→ Exercise goal:
Retype the records below exactly as they stand, but with no images.

→ Excerpts from a dataset:
________________________
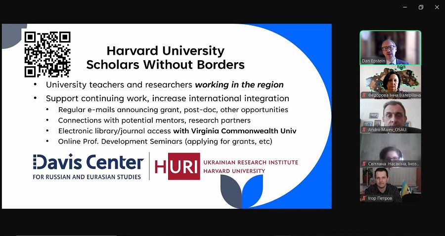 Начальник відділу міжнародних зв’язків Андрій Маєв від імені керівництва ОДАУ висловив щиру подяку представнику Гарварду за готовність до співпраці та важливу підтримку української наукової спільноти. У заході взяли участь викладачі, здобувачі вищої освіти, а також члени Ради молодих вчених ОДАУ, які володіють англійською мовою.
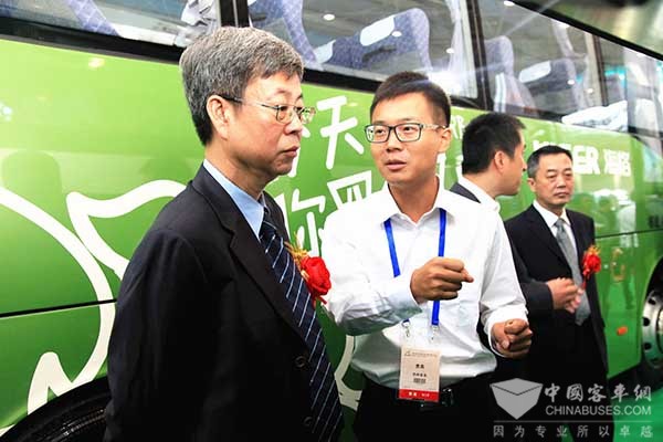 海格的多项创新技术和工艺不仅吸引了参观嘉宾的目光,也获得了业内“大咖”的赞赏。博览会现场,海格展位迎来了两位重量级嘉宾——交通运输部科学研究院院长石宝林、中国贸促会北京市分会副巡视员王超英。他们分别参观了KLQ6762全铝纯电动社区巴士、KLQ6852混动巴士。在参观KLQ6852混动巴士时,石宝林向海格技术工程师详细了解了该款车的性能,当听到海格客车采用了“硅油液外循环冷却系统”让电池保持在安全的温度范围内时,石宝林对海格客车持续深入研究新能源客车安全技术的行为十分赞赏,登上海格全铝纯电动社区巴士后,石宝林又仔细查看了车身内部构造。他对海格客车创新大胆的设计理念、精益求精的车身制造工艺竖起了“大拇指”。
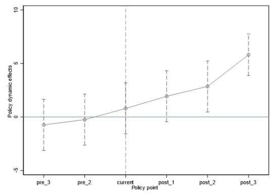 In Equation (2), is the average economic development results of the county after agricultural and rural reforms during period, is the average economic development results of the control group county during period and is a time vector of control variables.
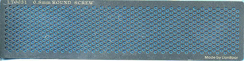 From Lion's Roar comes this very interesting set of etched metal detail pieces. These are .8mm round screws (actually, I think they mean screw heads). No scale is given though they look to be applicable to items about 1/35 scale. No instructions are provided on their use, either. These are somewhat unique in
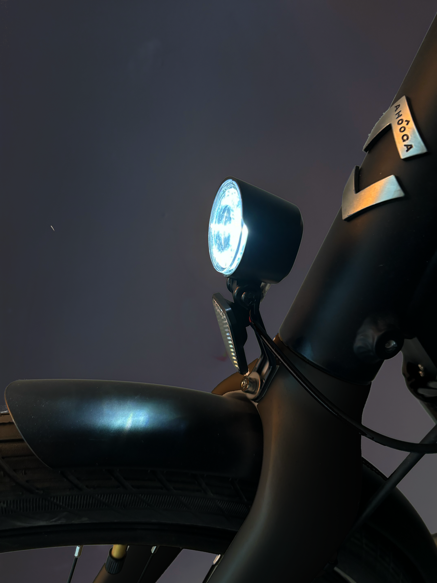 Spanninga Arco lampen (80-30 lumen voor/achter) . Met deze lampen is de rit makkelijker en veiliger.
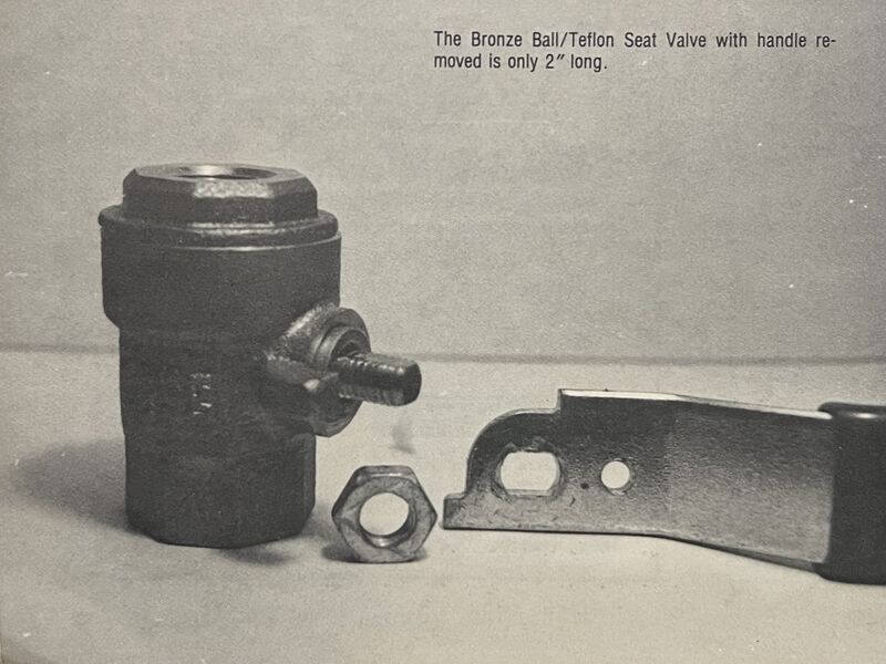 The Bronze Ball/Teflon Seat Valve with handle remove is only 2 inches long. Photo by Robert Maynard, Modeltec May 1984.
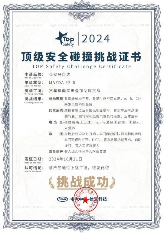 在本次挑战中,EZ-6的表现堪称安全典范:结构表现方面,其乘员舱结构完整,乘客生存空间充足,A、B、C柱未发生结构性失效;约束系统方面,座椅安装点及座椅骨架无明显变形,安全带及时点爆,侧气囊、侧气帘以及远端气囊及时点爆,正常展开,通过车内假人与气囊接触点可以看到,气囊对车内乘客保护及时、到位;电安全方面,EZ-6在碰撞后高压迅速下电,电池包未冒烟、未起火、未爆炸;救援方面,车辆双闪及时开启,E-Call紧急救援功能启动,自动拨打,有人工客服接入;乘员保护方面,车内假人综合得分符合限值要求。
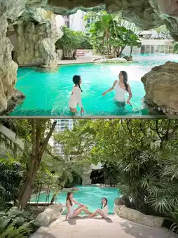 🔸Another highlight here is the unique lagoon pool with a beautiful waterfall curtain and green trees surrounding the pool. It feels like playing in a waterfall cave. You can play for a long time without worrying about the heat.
________________________
→ Written reply:
 Начальник відділу міжнародних зв’язків Андрій Маєв від імені керівництва ОДАУ висловив щиру подяку представнику Гарварду за готовність до співпраці та важливу підтримку української наукової спільноти. У заході взяли участь викладачі, здобувачі вищої освіти, а також члени Ради молодих вчених ОДАУ, які володіють англійською мовою.
 海格的多项创新技术和工艺不仅吸引了参观嘉宾的目光,也获得了业内“大咖”的赞赏。博览会现场,海格展位迎来了两位重量级嘉宾——交通运输部科学研究院院长石宝林、中国贸促会北京市分会副巡视员王超英。他们分别参观了KLQ6762全铝纯电动社区巴士、KLQ6852混动巴士。在参观KLQ6852混动巴士时,石宝林向海格技术工程师详细了解了该款车的性能,当听到海格客车采用了“硅油液外循环冷却系统”让电池保持在安全的温度范围内时,石宝林对海格客车持续深入研究新能源客车安全技术的行为十分赞赏,登上海格全铝纯电动社区巴士后,石宝林又仔细查看了车身内部构造。他对海格客车创新大胆的设计理念、精益求精的车身制造工艺竖起了“大拇指”。
 In Equation (2), is the average economic development results of the county after agricultural and rural reforms during period, is the average economic development results of the control group county during period and is a time vector of control variables.
 From Lion's Roar comes this very interesting set of etched metal detail pieces. These are .8mm round screws (actually, I think they mean screw heads). No scale is given though they look to be applicable to items about 1/35 scale. No instructions are provided on their use, either. These are somewhat unique in
 Spanninga Arco lampen (80-30 lumen voor/achter) . Met deze lampen is de rit makkelijker en veiliger.
 The Bronze Ball/Teflon Seat Valve with handle remove is only 2 inches long. Photo by Robert Maynard, Modeltec May 1984.
 在本次挑战中,EZ-6的表现堪称安全典范:结构表现方面,其乘员舱结构完整,乘客生存空间充足,A、B、C柱未发生结构性失效;约束系统方面,座椅安装点及座椅骨架无明显变形,安全带及时点爆,侧气囊、侧气帘以及远端气囊及时点爆,正常展开,通过车内假人与气囊接触点可以看到,气囊对车内乘客保护及时、到位;电安全方面,EZ-6在碰撞后高压迅速下电,电池包未冒烟、未起火、未爆炸;救援方面,车辆双闪及时开启,E-Call紧急救援功能启动,自动拨打,有人工客服接入;乘员保护方面,车内假人综合得分符合限值要求。
 🔸Another highlight here is the unique lagoon pool with a beautiful waterfall curtain and green trees surrounding the pool. It feels like playing in a waterfall cave. You can play for a long time without worrying about the heat.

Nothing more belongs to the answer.